_WHAT YOU NEED TO DO_: Only the lines from the one containing "(1) لسان العرب،" through the end of the entries are wanted, retyped exactly and without pictures.

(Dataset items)
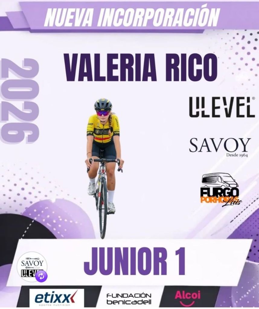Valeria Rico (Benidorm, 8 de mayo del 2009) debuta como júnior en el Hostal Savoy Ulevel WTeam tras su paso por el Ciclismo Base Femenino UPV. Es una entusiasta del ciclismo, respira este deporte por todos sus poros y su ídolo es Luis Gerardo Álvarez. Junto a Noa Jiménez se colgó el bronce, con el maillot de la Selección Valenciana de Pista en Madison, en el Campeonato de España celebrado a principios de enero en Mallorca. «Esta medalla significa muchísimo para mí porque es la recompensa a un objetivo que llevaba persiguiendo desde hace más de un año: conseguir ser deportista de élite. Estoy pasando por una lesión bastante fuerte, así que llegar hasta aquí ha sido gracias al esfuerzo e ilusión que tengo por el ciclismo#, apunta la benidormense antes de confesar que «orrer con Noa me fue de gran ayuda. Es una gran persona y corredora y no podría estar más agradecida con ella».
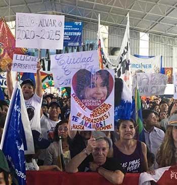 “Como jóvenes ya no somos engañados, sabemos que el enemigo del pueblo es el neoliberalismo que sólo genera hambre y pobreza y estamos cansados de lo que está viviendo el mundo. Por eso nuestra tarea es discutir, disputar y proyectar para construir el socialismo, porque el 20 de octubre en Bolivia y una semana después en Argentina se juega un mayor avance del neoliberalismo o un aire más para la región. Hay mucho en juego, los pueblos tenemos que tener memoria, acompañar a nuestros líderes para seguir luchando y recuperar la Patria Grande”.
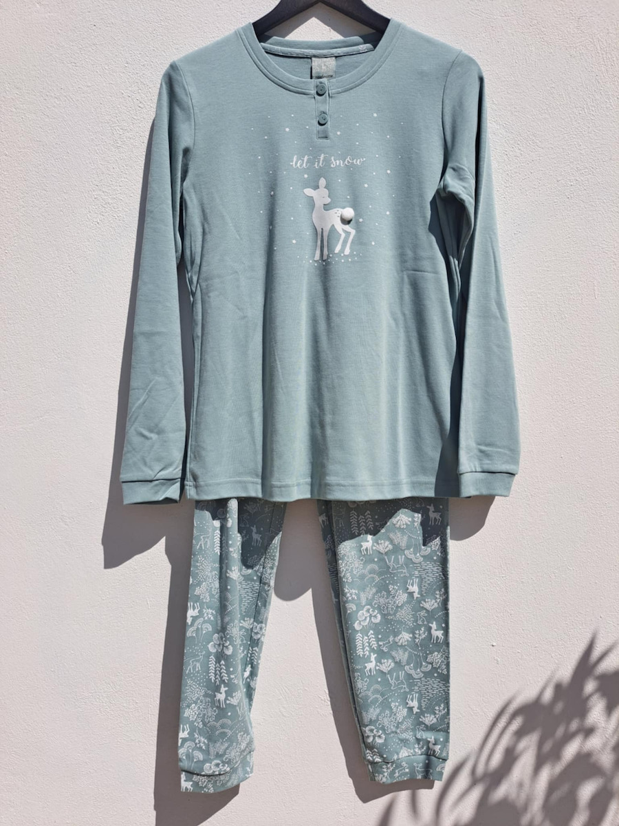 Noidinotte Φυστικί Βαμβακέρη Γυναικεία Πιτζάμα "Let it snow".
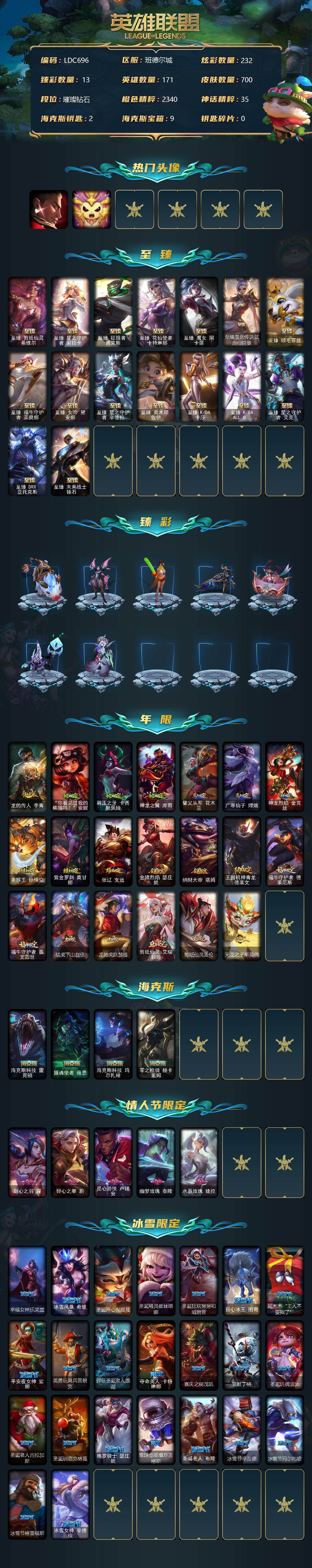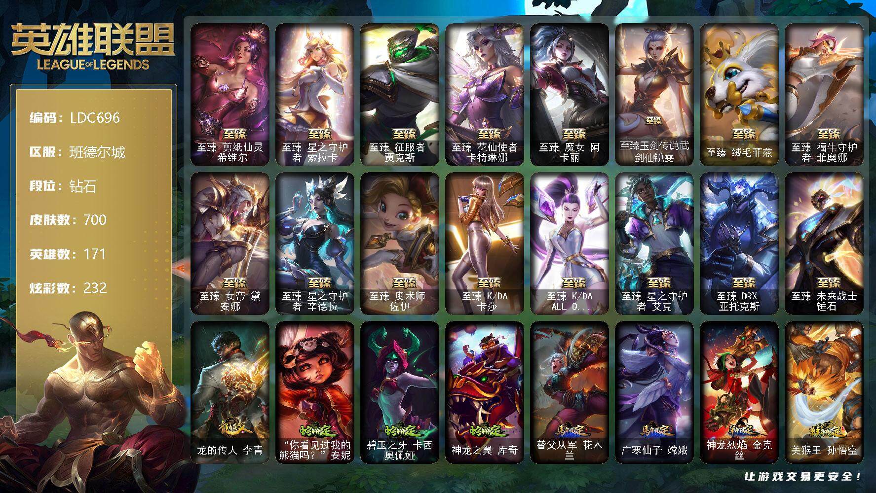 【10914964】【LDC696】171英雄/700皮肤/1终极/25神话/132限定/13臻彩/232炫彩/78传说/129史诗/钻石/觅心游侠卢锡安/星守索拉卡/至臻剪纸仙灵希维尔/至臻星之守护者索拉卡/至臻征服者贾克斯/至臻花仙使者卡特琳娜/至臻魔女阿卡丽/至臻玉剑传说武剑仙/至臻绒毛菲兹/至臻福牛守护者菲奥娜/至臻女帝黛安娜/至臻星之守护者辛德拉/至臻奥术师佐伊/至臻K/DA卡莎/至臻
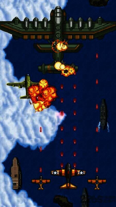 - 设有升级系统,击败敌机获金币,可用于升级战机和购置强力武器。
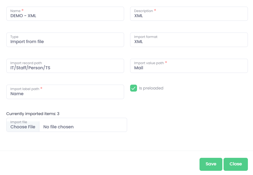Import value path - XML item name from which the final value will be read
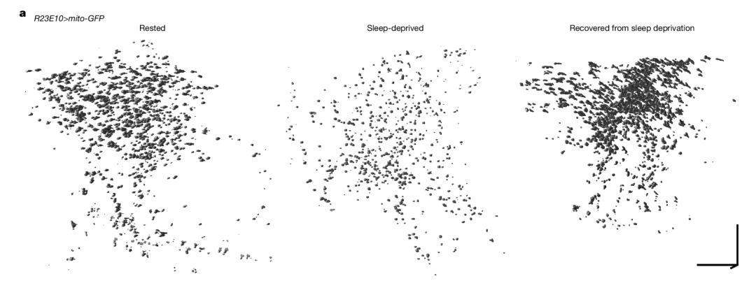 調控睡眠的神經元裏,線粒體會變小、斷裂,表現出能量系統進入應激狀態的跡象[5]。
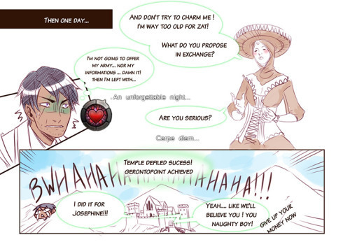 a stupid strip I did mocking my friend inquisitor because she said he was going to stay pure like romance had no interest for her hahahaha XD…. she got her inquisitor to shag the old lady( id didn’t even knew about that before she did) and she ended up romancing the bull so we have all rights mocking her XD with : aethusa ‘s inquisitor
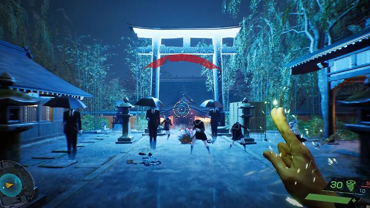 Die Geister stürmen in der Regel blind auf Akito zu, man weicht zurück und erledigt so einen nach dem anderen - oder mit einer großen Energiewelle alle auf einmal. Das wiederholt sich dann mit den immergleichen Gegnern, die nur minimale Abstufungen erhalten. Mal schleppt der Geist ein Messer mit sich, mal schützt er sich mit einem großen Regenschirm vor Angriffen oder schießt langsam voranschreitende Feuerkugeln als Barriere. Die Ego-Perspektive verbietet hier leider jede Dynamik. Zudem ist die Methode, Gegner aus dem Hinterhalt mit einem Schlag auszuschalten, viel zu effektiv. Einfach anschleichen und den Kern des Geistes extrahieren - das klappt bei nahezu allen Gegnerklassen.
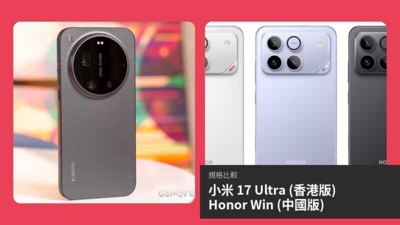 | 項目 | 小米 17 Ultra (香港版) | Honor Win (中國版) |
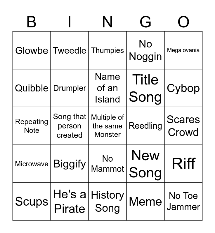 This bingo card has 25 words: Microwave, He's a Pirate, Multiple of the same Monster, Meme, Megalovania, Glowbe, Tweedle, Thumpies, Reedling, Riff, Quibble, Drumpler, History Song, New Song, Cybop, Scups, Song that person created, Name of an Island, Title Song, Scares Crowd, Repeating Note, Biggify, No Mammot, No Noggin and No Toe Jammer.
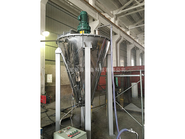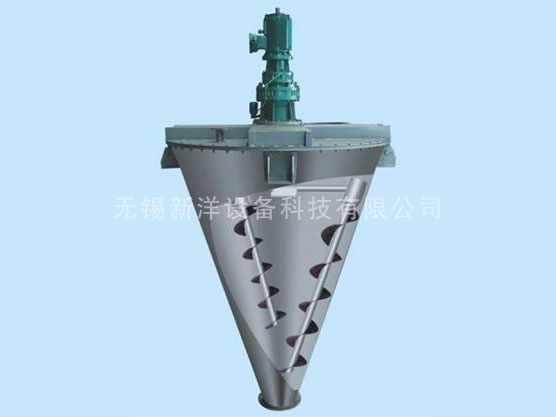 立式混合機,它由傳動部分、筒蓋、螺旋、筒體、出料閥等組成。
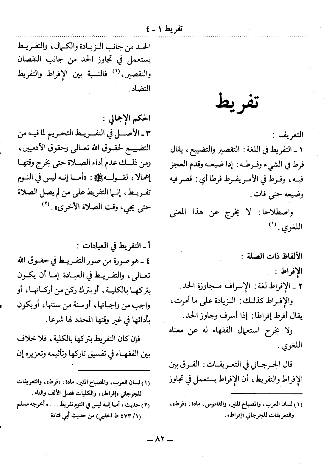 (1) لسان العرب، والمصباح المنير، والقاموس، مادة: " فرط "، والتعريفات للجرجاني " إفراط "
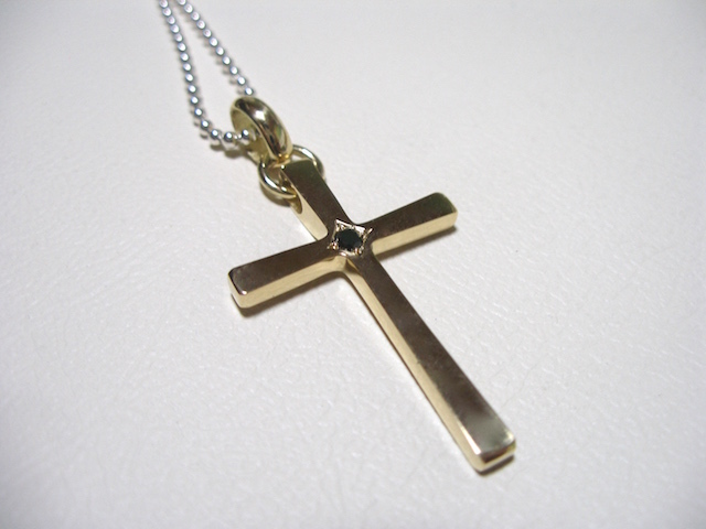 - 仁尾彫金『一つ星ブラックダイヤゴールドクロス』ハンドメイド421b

_RESULT FOR THIS EXERCISE_:
 (1) لسان العرب، والمصباح المنير، والقاموس، مادة: " فرط "، والتعريفات للجرجاني " إفراط "
 - 仁尾彫金『一つ星ブラックダイヤゴールドクロス』ハンドメイド421b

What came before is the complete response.